Aku menyelipkan rambut panjangku ke belakang telinga, memperhatikan satu buah gantungan ponsel di dalam kotak. Gantungan ponsel itu memiliki tali warna emas dengan satu karakter super hero di ujungnya. “Superman?”

Bayu mengeluarkan gantungan dalam kotak. “Iya. Anggap aku itu Superman kamu.”

“Kenapa? Super hero kan banyak, kenapa pilih dia?” aku mengambil gantungan itu dari tangan bayu. “Aku baru tahu kalau kamu suka karakter ini.”

“Dari kecil aku anggap dia pelindung dan pembela kebenaran. Dan aku mau jadi pelindung dan pembela kebenaran buat kamu.”

“Kamu alay deh, Bay.” Aku menepuk bahunya kencang, merasa geli mendengar perkataannya yang sebenarnya menyentuh lubuk hatiku yang paling dalam.

“Kok malah dibilang alay? Aku serius tahu. Aku mau jadi super hero kamu mulai sekarang. Ya anggap aja satu tahun terakhir itu pelatihan. Ngerti, kan?”

Gimana tidak alay? Bayu yang sedikit cuek dan benci sama hal romantis berubah seperti pujangga. Hanya karena hari ini spesial. Tapi bagaimana pun, usaha dia untuk membuatku merasa senang dengan kata-katanya berhasil. Aku senang.

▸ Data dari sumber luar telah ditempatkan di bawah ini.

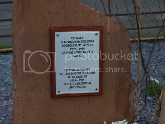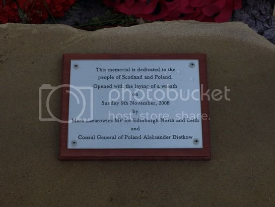 Plaque 1-[first is the Polish version of the English text]- ENTERNAL [sic] GLORY/TO THE/POLISH SOLDIERS/WHO DIED IN/1939-1945/FOR OUR FREEDOM/AND YOURS Plaque 2-THEY SHALL NOT GROW OLD/AS WE THAT ARE LEFT GROW/OLD//AGE SHALL NOT WEARY THEM/NOR THE YEARS CONDEMN//AT THE GOING DOWN OF THE SUN AND IN THE MORNING//WE WILL REMEMBER THEM//Dedicated to the brave Men and/Women who gave so much for our/freedom. Plaque 3 (on the flat stone)- This memorial is dedicated to the/people of Scotland and Poland.//Opened with the laying of a wreath/on/Sunday 9th November, 2008/by Mark Lazarowicz MP for Edinburgh North and Leith/and/Consul General of Poland Alexander Dietkow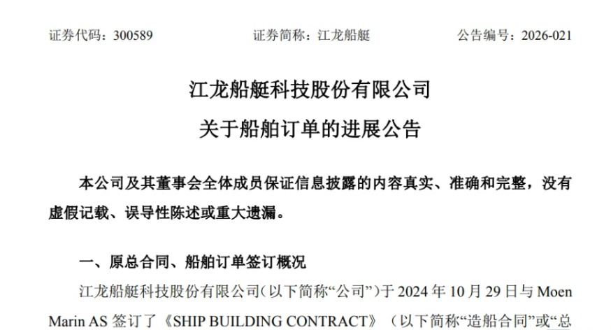 4月24日,江龙船艇科技股份有限公司发布公告称,该公司与Moen Marin AS签订2艘钢铝工作船,订单金额合计约9280万元,预计将于2027年12月30日交付。

“Tuh, kan alay. Udah ah. Yang jelas, aku mau gantung ini di HP aku. Nggak boleh lepas sampai kapan pun.”

Bayu tertawa sambil mengambil isi kotak di tangannya. “Terserah mau digantung di mana, asal jangan dihilangin aja. Kalau kamu hilangin berarti kamu kehilangan replika aku. Nggak ada yang lindungin kamu lagi nanti. Terus ini?”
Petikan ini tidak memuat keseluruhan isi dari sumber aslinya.